JAKARTA - Ketua Tim Hukum Ganjar-Mahfud, Todung Mulya Lubis menyoroti kentalnya ketidaknetralan berujung nepotisme Presiden Joko Widodo dalam penyelenggaraan Pemilu 2024.

Dalam sidang sengketa Pilpres 2024 di Mahkamah Konstitusi (MK), Todung menyebut nepotisme Jokowi dilakukan secara terstruktur, sistematis, dan masif (TSM).

"Nepotisme yang dilakukan oleh Presiden Joko Widodo dalam Pilpres 2024 dilakukan begitu rapi secara terstruktur, sistematis, dan masif yang pada akhirnya membuat Pilpres 2024 hanya menjadi aksi teatrikal belaka," kata Todung di gedung MK, Jakarta Pusat, Rabu, 27 Maret.

Sebagai pemohon gugatan perselisihan hasil pemilihan umum (PHPU), kubu Ganjar-Mahfud mencatat ribuan pelanggaran pemilu sebelum pemungutan suara. Hal ini, menurut dia, sangat memengaruhi perilaku pemilih yang mencoblos di TPS.

Pelanggaran yang terjadi mencakup intervensi kekuasaan, ketidaknetralan aparat penegak hukum, ASN maupun kepala desa, politisasi bantuan sosial, blackmail campaign dan pelanggaran-pelanggaran lainnya.

"Seluruhnya bersumber dari satu hal, adanya nepotisme yang dilakukan oleh Presiden Joko Widodo yang kemudian melahirkan abuse of power terkoordinasi guna memenangkan Pasangan Calon nomor urut 2 dalam 1 putaran," ucap Todung.

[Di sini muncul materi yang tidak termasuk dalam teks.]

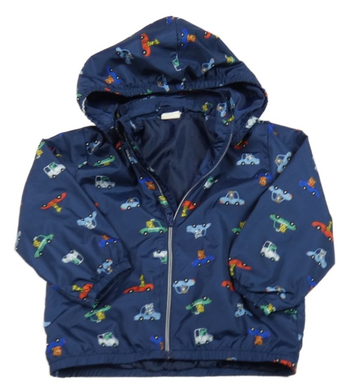 Tmavomodrá šušťáková jarná bunda s autami a kapucňou H&M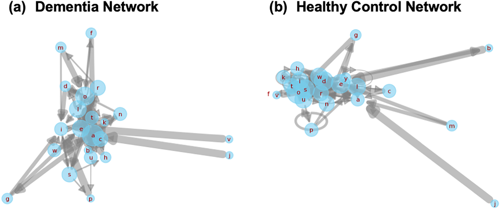 While scalar features like steady-state probabilities offer useful diagnostic signals, structural properties of the underlying transition networks also carry valuable insights into how linguistic rigidity manifests. To qualitatively explore this, we visualized first-order Markov transition networks from two representative transcripts, one from a dementia subject and one from a healthy control (Figure 9).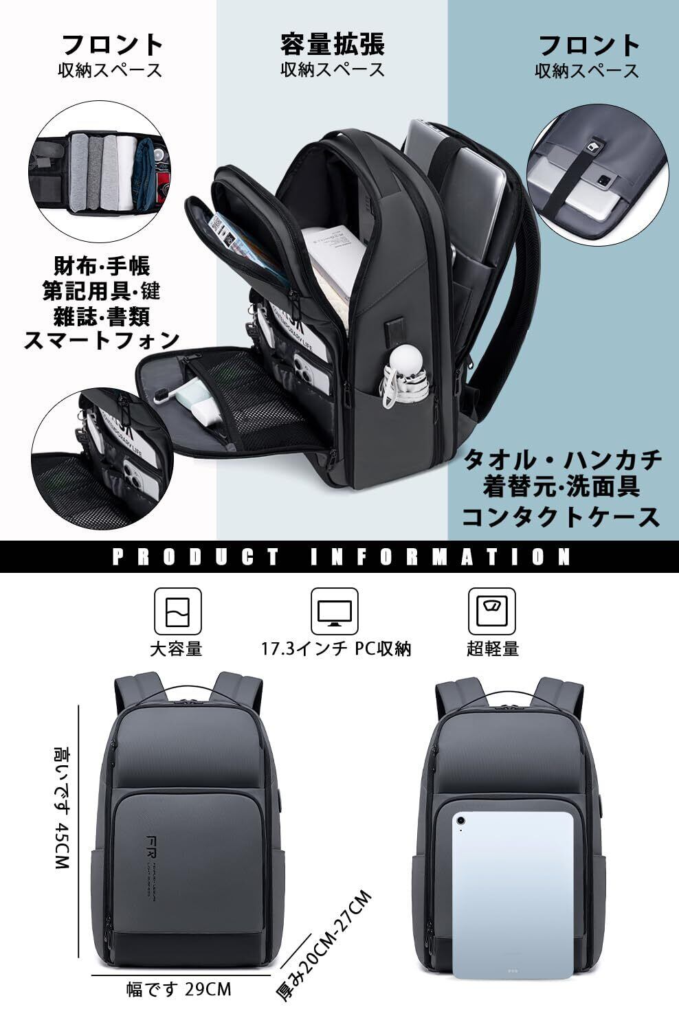 [FENRUIEN] リュック メンズ ビジネスリュック リュックサック 大容量 PCラップトップバック 防水 17インチ ビジネスバッグ マチ拡張 USB充電ポート 黒 型崩れ防止 通学 通勤 出張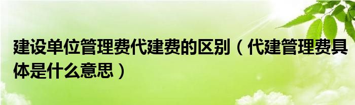 关于建设单位管理费代建费的区别,代建管理费具体是什么意思这个很多人还不知道,今天菲菲来为大家解答以上的问题,现在让我们一起来看看吧!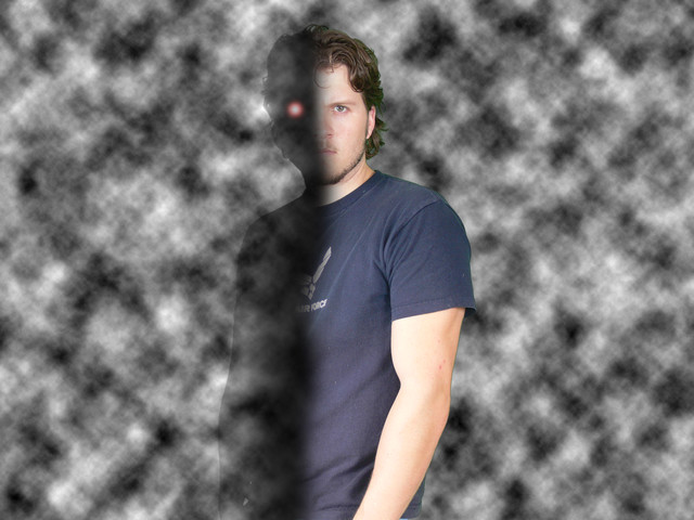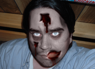 la foto di un ragazzo con l'effetto zombie creato usando photoshop,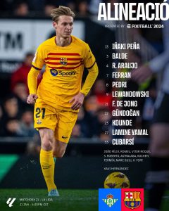 أعلن “تشافي هيرنانديز” المدير الفني لبرشلونة عن تشكيل فريقه لمواجهة اليوم أمام ريال بيتيس، في اللقاء المقرر له على ملعب “بينيتو فيامارين” معقل الريال.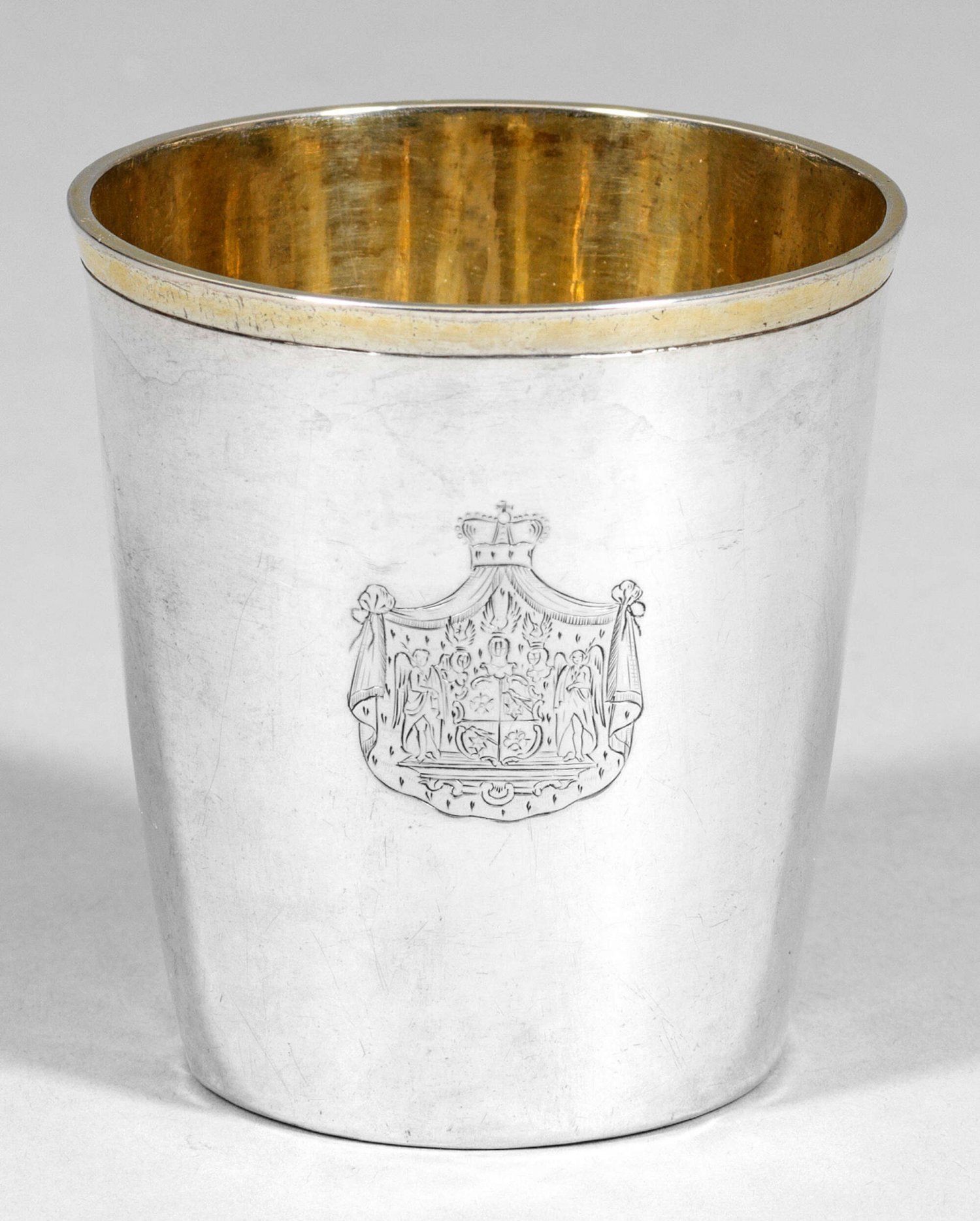 Silber, teilvergoldet. Sich konisch erweiternder, glatter Korpus mit profiliertem Lippenrand. Auf der Wandung graviertes Wappen der Grafen zur Lippe sowie rückseitig Namenszug. Auf der Bodenunterseite monogrammiert "G" sowie dat. 1807. Innen vergoldet. Minim. altersgemäße Gebrauchsspuren. Gest. 12 Lot, Stadtmarke, Jahresbuchstabe T, Meister Johann Christoph Wiedemann (Weidemann) (wird Meister vor 1788). Gew. ca. 105 g. H. 7,5 cm.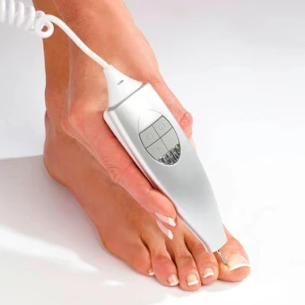Professionelles Gerät zur Fuß- und Nagelpflege. Mit Kaltlichtstrahler. Für noch präziseres und genaueres Arbeiten. Alle Maniküre und Pedikürarbeiten werden schnell und mühelos erledigt. Komfortable, staubgeschützte Softtouch-Bedientasten regeln den Rechts-/Linkslauf und die Schleifkraft bis zu 12.000 U/min. Intensitätsanzeige über 5-stufigen LED´s, im praktischen Aufbewahrungs-Etui, inklusive 42-teiligem Zubehör.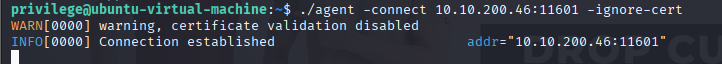 Starting the agent is simple. Simply start the agent from the folder you saved it to. If you're using Linux, ensure it's executable using the chmod +x command. Then, to start the agent and connect it to the Ligolo-ng proxy, run the following command: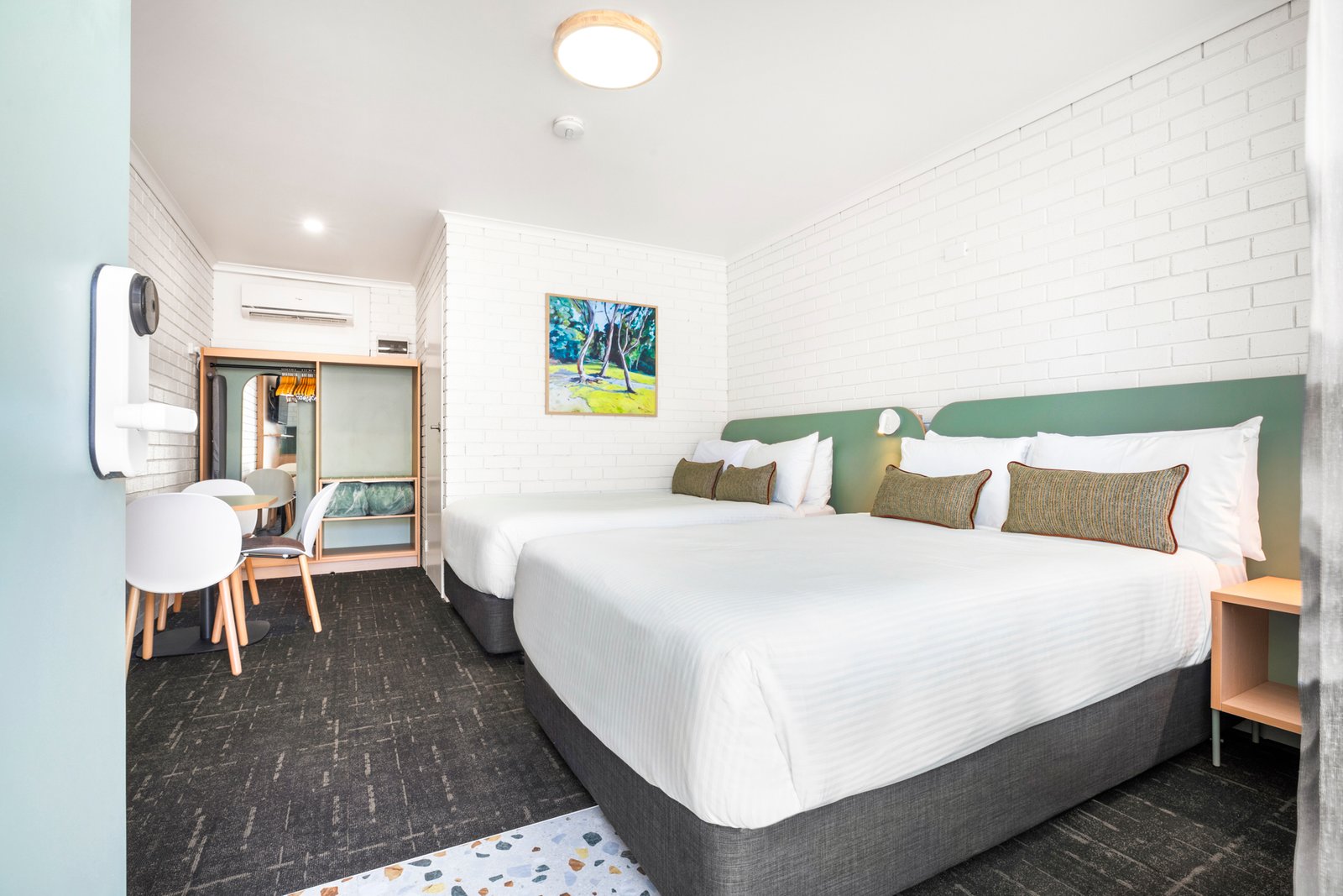 Cosy room with queen and single beds, fridge, coffee pod machine and smart TV — ideal for solo travellers or small pairs. Pet-friendly and close to local cafes and trails.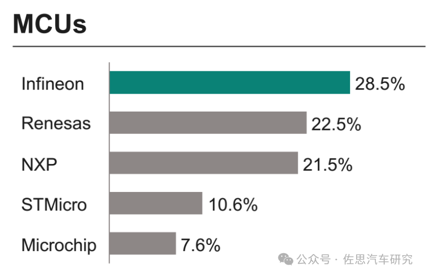 汽车MCU领域,英飞凌增长迅速,2020年还是全球第四,市场占有率不到10%,2024年已经成为全球第一,原本并列第一的瑞萨和NXP市场占有率快速下降,下降最快的则是德州仪器,从第三跌至第六。前五厂家市场占有率超过90%,国产汽车MCU的市场占有率估计不到2%。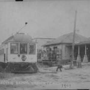 Photo--black and white: P&SR Electric railway depot in Graton, 1909. Train No. 67 is stopping for passengers.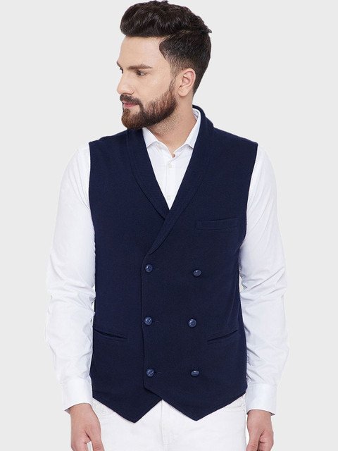 Blue solid slim-fit woven waistcoat, has a lapel collar, sleeveless, a full buttoned placket, one pockets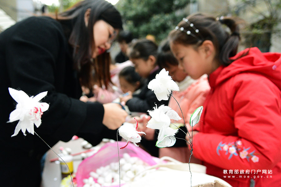 1/0志愿者在指導(dǎo)小朋友用廢舊蠶繭制作工藝品。(石玉成/攝)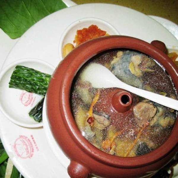 必须推荐桥香园里面的毛血旺,6元钱,非常美味,只要能吃辣。另有3元钱的木瓜汁,好多人买,很大一杯。 桥香园进士过桥米线,三层小碟子,三文鱼、韭菜、黄瓜等各种,都是生的。最上面这盅汤很鲜美,据说叫汽锅鸡汤。另外三鲜过桥米线,东西少一些,但味道也很不错。
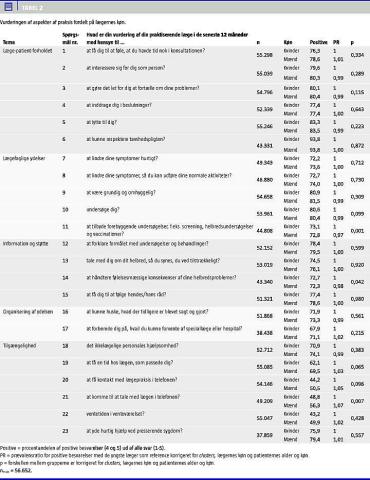 Kun besvarelser fra patienter, der havde besvaret mere end halvdelen (> 11) af de 23 spørgsmål blev inkluderet. Ved analyse af resultaterne inddelte vi lægerne i fire alderskategorier. Besvarelserne af de enkelte spørgsmål blev dikotomiseret som positive (svarkategori fire og fem) eller ikkepositive (svarkategori et, to og tre). For hvert spørgsmål beregnedes prævalensen af positive besvarelser fordelt på køn og alderskategorier. Vi sammenlignede prævalenserne i en multivariat regression med korrektion for patientens køn og alder, for praksistype og antallet af tilmeldte patienter og ansat personale i praksis samt for clusters (på lægeniveau). Analyserne vedrørende lægernes køn var desuden korrigeret for lægernes alder og omvendt. Hvor analyserne ikke konvergerede i den multivariate regressionsmodel, anvendtes i stedet Poisson-regression.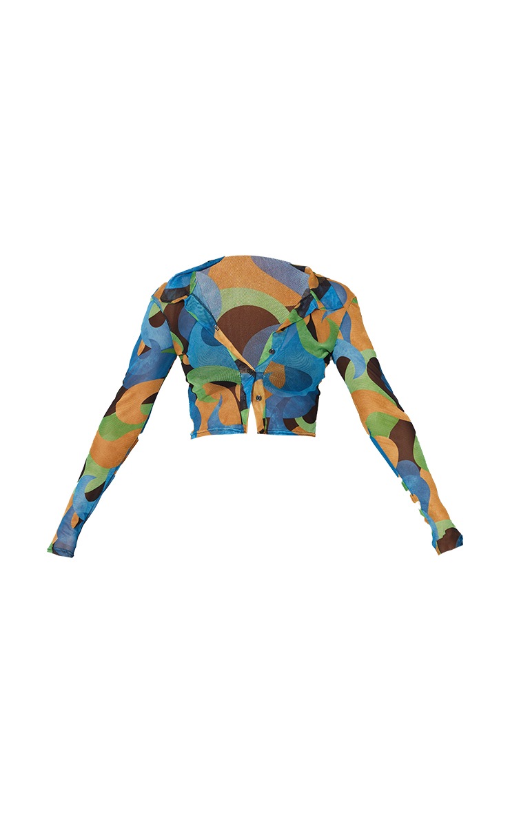Add a cool vibe to any outfit of the day with this shirt. Featuring a blue swirl print on mesh fabric with a cropped fit, we love this teamed with jeans and heels for a look we're obsessing over. Length approx 41cm/16" (Based on a sample size UK 8) Model wears size UK 8/ EU 36/ AUS 8/ US 4 Model Height - 5ft 7" Model Height - 5ft 7"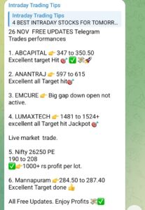 Friends in this post I will provide Best Intraday stocks for 27 Nov . Before Giving the stocks I want tell you about our Pre trading strategy to get profits almost 90 to 95% correctly. You can join our Telegram Channel subscribe our YouTube channel and follow our Instagram page to get more details about the strategy. Because this is one of the best strategy.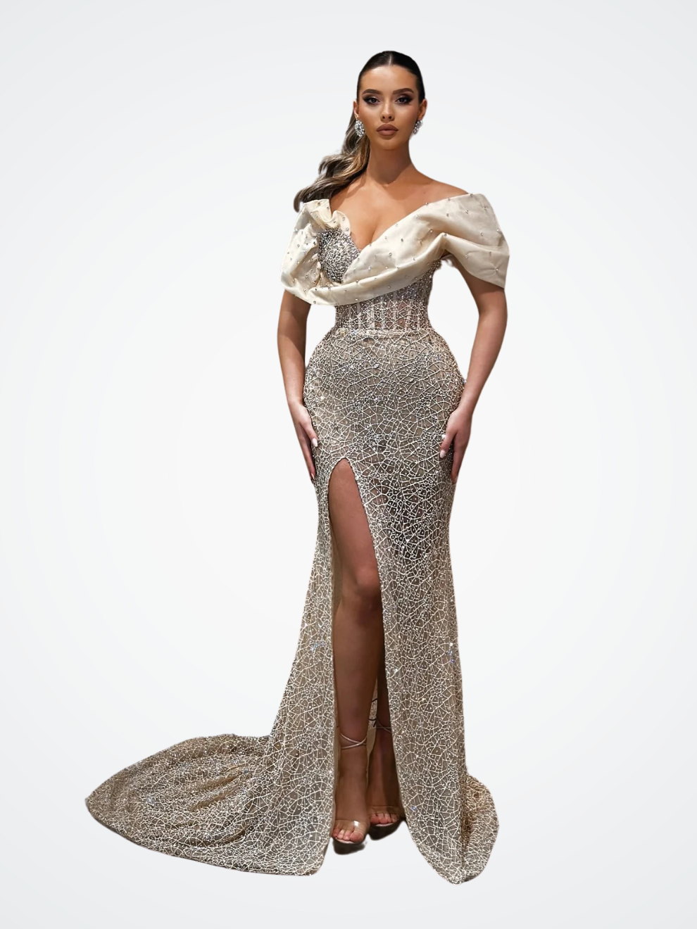 From the Gentiana Berisha Charm Collection, this exquisite wedding gown is meticulously crafted in our Kosovo atelier by skilled artisans. This piece features carefully selected premium fabrics and detailed handwork to create a truly unique bridal experience. This exclusive design embodies the elegant aesthetic that defines the Gentiana Berisha Charm collection.
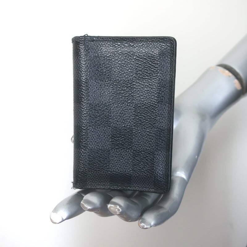 Pre-loved. Wear on (center) corners and a couple of stitches have come out. Fraying along edge of outer pocket. Spots of wear on lining. Comes with dust bag.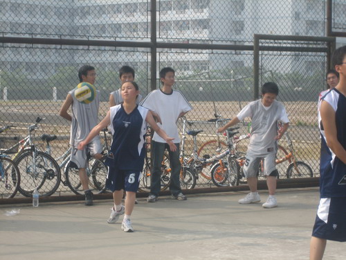 此次参赛的队伍有06中本1、06中本2、06中本3、06中本4、06历本等5支队伍。10月21日下午3点半,比赛准时开始,首先对战的是06中本1VS06中本2,06中本3VS06中本4,3班与4班之战激烈得令人惊叹,在第一场,3班的5号选手凭着发球连连得分,独自一人就发了15个球!最终将比分锁定在25比6,第二场4班奋起直追,但也以25比18落败。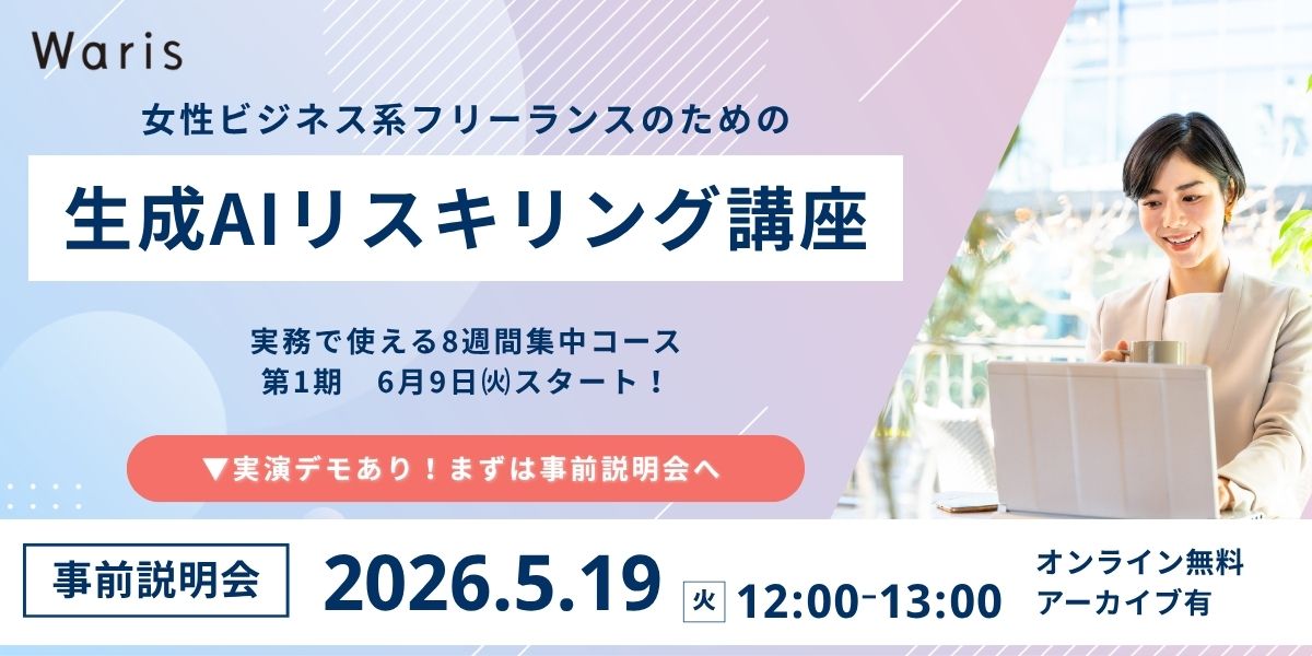 広報やマーケティング、HRなどビジネス系プロフェッショナル領域の仕事ニーズと女性フリーランスをマッチングするサービスです。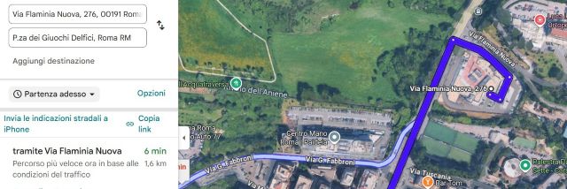 E lo stesso accade in uscita. Impostando il percorso inverso, cioè dal supermercato verso il centro città, ad esempio in direzione piazza dei Giochi Delfici, Google Maps suggerisce ancora una volta l’uscita diretta su via Flaminia.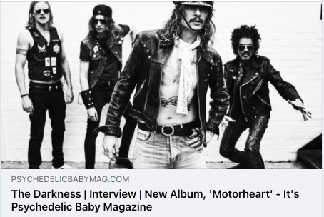 It’s Psychedelic Baby Magazine: Motorheart Tour Interview with The Darkness Posted by reneepublicityplease on March 4, 2022 Read more. Share this: Click to share on X (Opens in new window) X Click to share on Facebook (Opens in new window) Facebook Like Loading... Related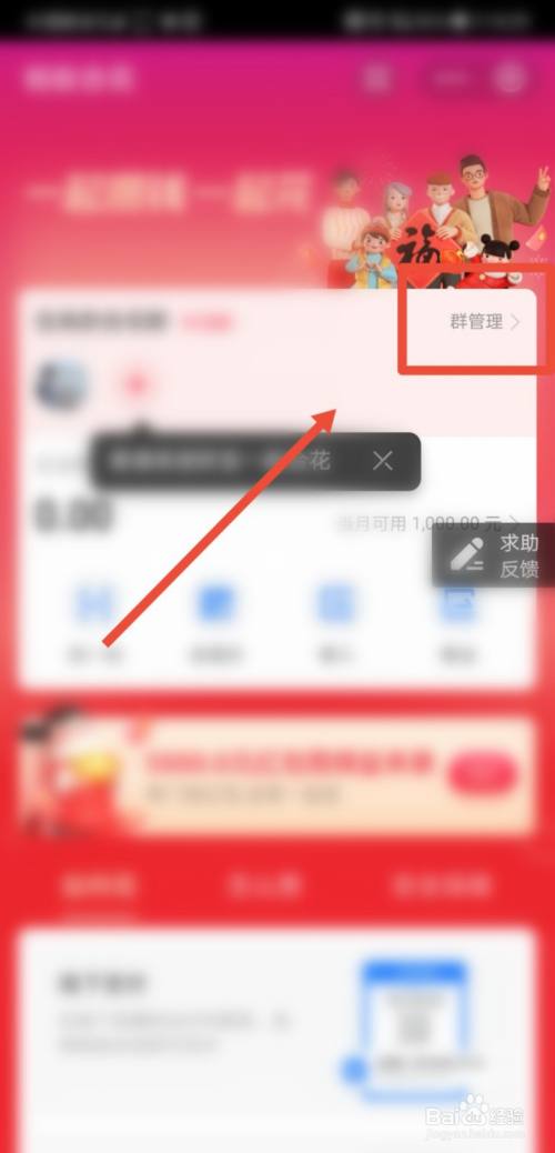 进入到蚂蚁合花页面后,再点击进入群办理页面;

Hal inilah yang mendasari Ganjar-Mahfud, dalam petitum gugatannya, meminta MK memerintahkan KPu untuk mengulang Pilpres 2024 paling lambat pada 26 Juni 2024.

 

Tentunya, dengan syarat tidak menyertakan pasangan calon presiden dan wakil presiden nomor urut 2, Prabowo Subianto-Gibran Rakabuming Raka.

Tak hanya itu, MK juga diminta untuk mendiskualifikasi Prabowo-Gibran sebagai peserta Pilpres 2024 dan membatalkan hasil penghitungan suaranya.

"Karena magnitude pelanggaran yang begitu terstruktur, sistematis dan masif maka sangat beralasan kalau Mahkamah Konstitusi memutuskan diadakannya pemungutan suara ulang, karena hanya hal inilah yang mampu memulihkan kembali integritas pemilihan umum dan pemilihan presiden di bumi tanah air Indonesia," imbuhnya.